Special purpose court in India

Consumer court is a special purpose court in India. It primarily deals with consumer-related disputes, conflicts, and grievances. The court holds hearings to adjudicate these disputes.

When consumers file a case, the court primarily looks to see if they can prove the exploitation through evidence such as bills or purchase memos. In cases where no such evidence is presented, courts rarely rule in favor of the plaintiff. The court mostly decides its verdict based on the violations of consumer rights (if any). The point of having a separate forum for consumer disputes is to ensure that such disputes are speedily resolved and make it less expensive.

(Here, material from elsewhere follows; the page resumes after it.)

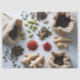 A richly detailed tissue paper design showcasing an elegant arrangement of spices like cardamom, cloves, saffron, coffee beans, ginger, and tea leaves. Perfect for food-themed gift wrapping or artisanal packaging, it brings warmth and authenticity with an organic, natural vibe.
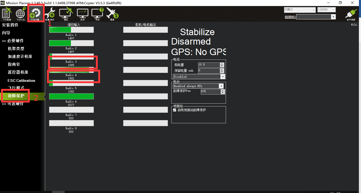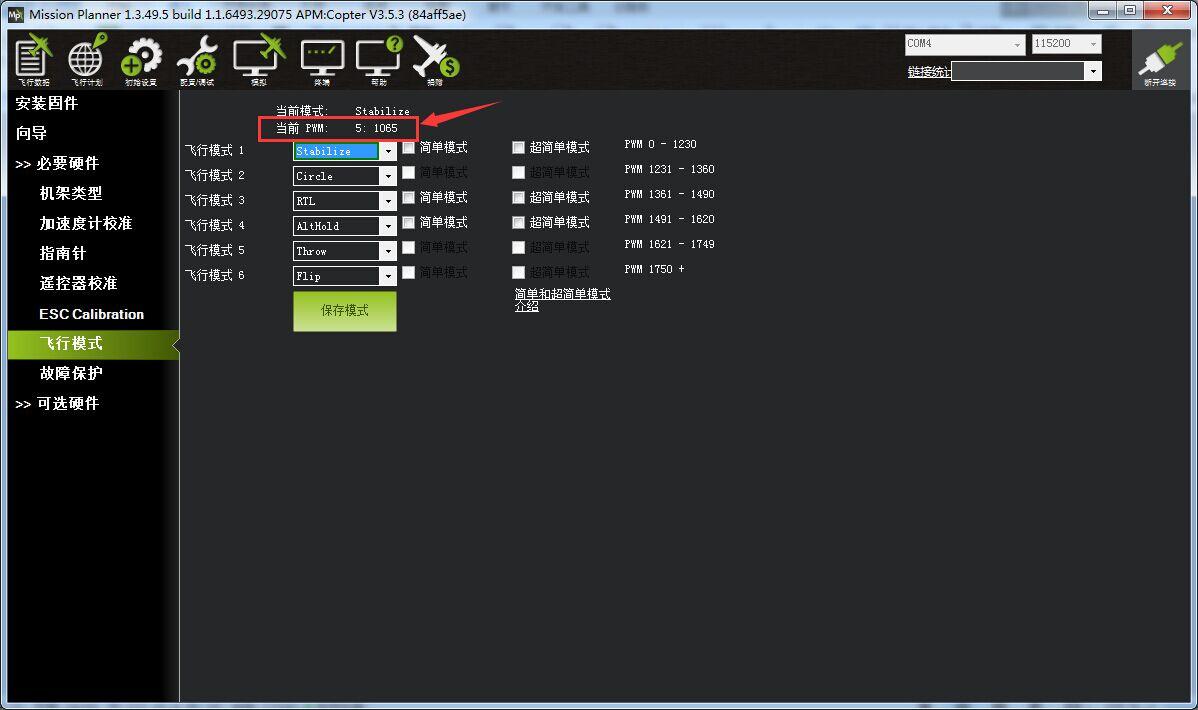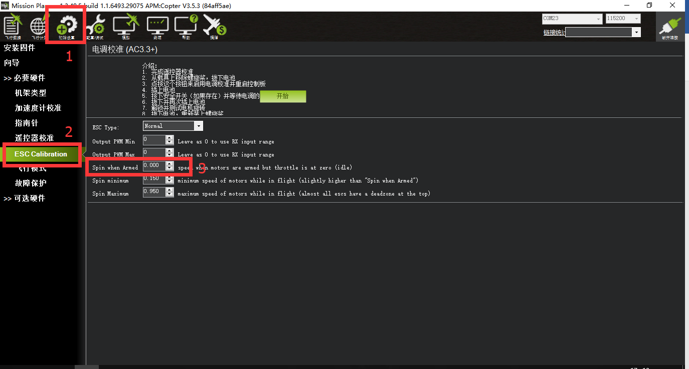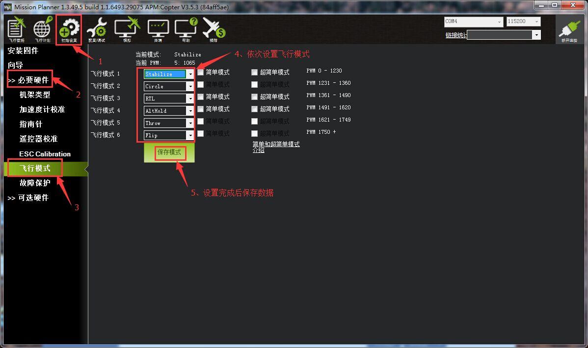 运行 MP,按下图步骤选择好波特率与端口后点击connect连接飞控,接着点击初始设置——必要硬件——遥控器校准——点击窗口右边的校准遥控按钮

== Rights provided by consumer courts ==
The rights provided by the court are listed below:

1. Right to Safety: The right to be protected from all types of hazardous goods and services.
2. Right to Information: The right to be fully informed about the performance and quality of all goods and services.
3. Right to Choose: The right to freely choose goods and services.
4. Right to be Heard: The right to be heard in all decision-making processes related to consumer interest.
5. Right to Seek Redressal: The right to seek compensation, whenever consumer rights have been infringed.
6. Right to Consumer Education: The right to complete consumer education.
There are two more Rights specified but they don't come as part of the 6 main Rights mentioned above.

== List of consumer courts ==

- National Consumer Disputes Redressal Commission (NCDRC): A court that operates nationally and deals with cases where claimed compensation exceeds Ten crores (₹100 million). The National Commission is the apex body of Consumer Courts; it is also the highest appellate court in the hierarchy. The NCDRC is the highest judiciary of the consumer court, the consumer Supreme Court of India.
- State Consumer Disputes Redressal Commission (SCDRC): A court that works at the state level in cases where compensation claimed is between one crore (₹10 million) and Ten crores. The State Commission has appellate jurisdiction over the District Forum.
- District Consumer Disputes Redressal Forum (DCDRF): A court that works at the district level in cases where the claimed compensation is below one crore.

== Process to file a complaint ==
To file a complaint, a consumer obtains a copy of the Consumer Protection Act. The format for filing a complaint is simple, with guidelines provided for reference. It is advisable to describe the facts and support the claim with comprehensive documentation.

- The consumer must attach photocopied documents (evidence and references) in the complaint file.
- A signed Vakalatnama should be attached with the documents. This authorises a lawyer to represent the case in the Consumer Court.

== History ==
The consumer movement a social force originated in the 1960s with the mission of protecting and promoting the interests of consumers against unethical and unfair trade practices. Rampant food shortages, hoarding, black marketing, adulteration of food and edible oil gave birth to the consumer movement. In 1986 the movement led the Indian government to enact the Consumer Protection Act of 1986 (COPRA).

== Objectives ==
The main function of the consumer court is to offer redress to consumers and to maintain seller's orientation toward fairly treating the consumer and respecting their rights. Approaching a consumer court is cheap as plaintiffs can represent themselves without a lawyer and are only required to pay a nominal fee of 100 Indian rupees.